Open mkmoisen opened 3 hours ago

mkmoisen commented 3 hours ago
  1. What versions are you using?

Oracle 19

platform.platform: Linux-4.18.0-372.76.1.el8_6.x86_64-x86_64-with-glibc2.28 sys.maxsize > 2**32: True platform.python_version: 3.13.0

oracledb.version: 2.4.1

  1. Is it an error or a hang or a crash?

Error

  1. What error(s) or behavior you are seeing?

When inserting a naive or a timezone aware datetime into an oracle TIMESTAMP WITH TIMEZONE column, the result is always saved in GMT.

I'm under the impression that it didn't used to do this.

This bug is happening in both thick and thin mode.

  1. Does your application call init_oracle_client()?

The same bug occurs in thinmode and thickmode.

  1. Include a runnable Python script that shows the problem.
CREATE TABLE foo (bar TIMESTAMP WITH TIME ZONE);
import oracledb
oracledb.init_oracle_client()
from datetime import datetime
from zoneinfo import ZoneInfo

conn = oracledb.connect('user/pass@database')
cur = conn.cursor()

naive = datetime(2024, 10, 25, 1, 2, 3)
aware = naive.replace(tzinfo=ZoneInfo('America/Los_Angeles'))

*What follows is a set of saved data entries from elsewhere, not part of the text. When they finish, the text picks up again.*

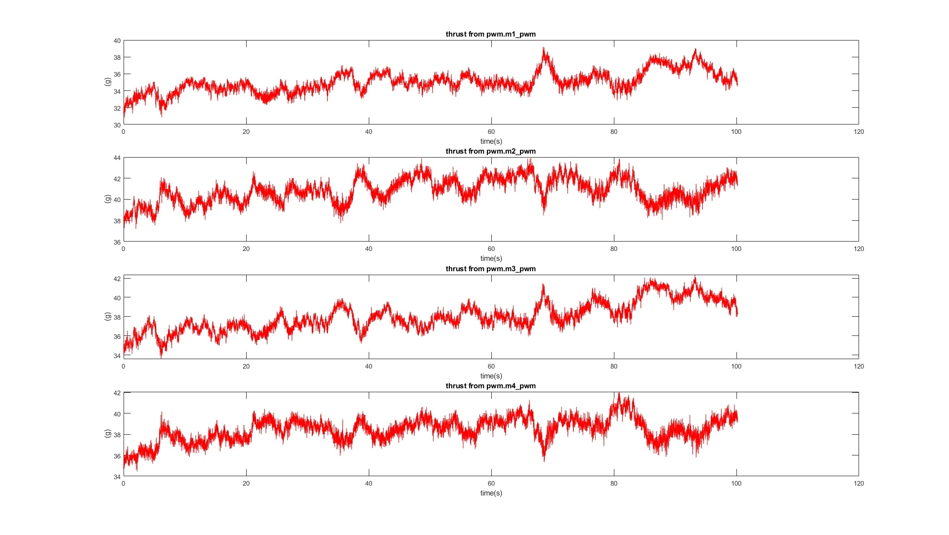 I put the thrust vs pwm plot in the attachment. According to the plot, the thrust from each motor is different, also they all greater than 30g(if this is true, the total thrust is greater than 30*4=120g? I don't believe that). is there anything that I do it wrong?
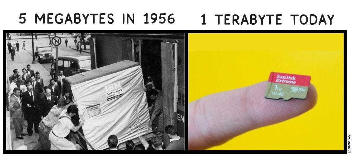 技术进步的速度十分惊人。我一直很喜欢这样子的可视化:1956 年的 5 MB与今天的 1 TB 的对比。告诉你一点背景信息,1 TB = 1000000 MB。 1956 年的 1 TB 的硬盘驱动器相当于 40 层楼的大小;今天,你的指尖就能容得下 1TB。
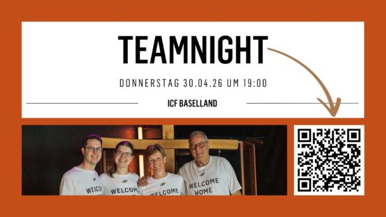Am 05.11.2026 um 19:00 Uhr machen wir eine Teamnight fürs ICF Baselland mit hoffentlich allen Volunteers. Die Vision dieses Abends ist es, dass wir als Kirche aufzeigen können, was unser Anliegen ist, was gerade so läuft und einfach die Menschen nah an dem zu haben was uns als Leitung bewegt.
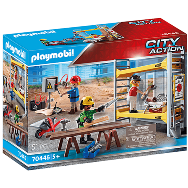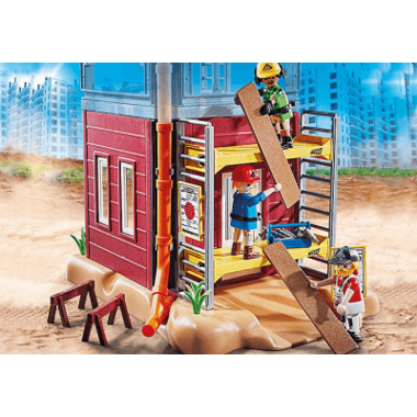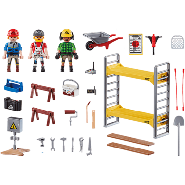 Accessories: 2 scaffolding side parts, 2 scaffolding tracks, 1 fuse box, 1 battery, 1 screwdriver, 2 cables, 1 control unit, 1 brush, 1 paint roller, 1 paint grid, 1 paint bucket, 1 saw, 2 boards, 1 cordless screwdriver, 1 tool box, 1 spirit level, 2 construction helmets, 1 peaked cap

cur.execute('INSERT INTO foo VALUES (:d)', dict(d=naive))
cur.execute('INSERT INTO foo VALUES (:d)', dict(d=aware))

conn.commit()
SELECT * FROM foo

This outputs:

2024-10-25 01:02:03.000000000 GMT
2024-10-25 01:02:03.000000000 GMT
mkmoisen commented 3 hours ago

In Oracle, the way it works seems to make intuitive sense:

This is the equivalent of inserting a naive datetime. Oracle will insert it using the database's timezone:

INSERT INTO foo VALUES (timestamp'2024-10-25 01:02:03'); 

This is the equvialent of inserting an aware datetime. Oracle will insert it using the correct timezone:

INSERT INTO foo VALUES (timestamp'2024-10-25 01:02:03 -07:00'); 

My python code has always passed naive datetimes, and I've relied on the database timezone to be used.

It seems like it has only recently oracledb has starting inserting GMT instead. And I cannot fix this by specifying a timezone aware datetime.

anthony-tuininga commented 3 hours ago

@mkmoisen, python-oracledb (and cx_Oracle before it) has never handled timezone aware datetime instances, mostly due to the fact that there is no C API for doing so. I have given some thought to adding support for it anyway, ensuring that it is opt-in since the performance will be considerably reduced in that case.

Note that when you insert a datetime.datetime instance, the default bind type is DATE, not TIMESTAMP. Try inserting with sysdate vs systimestamp and you will note a difference. Note as well that there is a difference between the database time zone (dbtimezone) and the session time zone (sessiontimezone).

I just tried your code and I see the results coming as expected. Fetching the values back returns the same values (naive, of course) and examining the data in the database shows the session time zone has been applied.

What version of the database and client (in thick mode) are you using?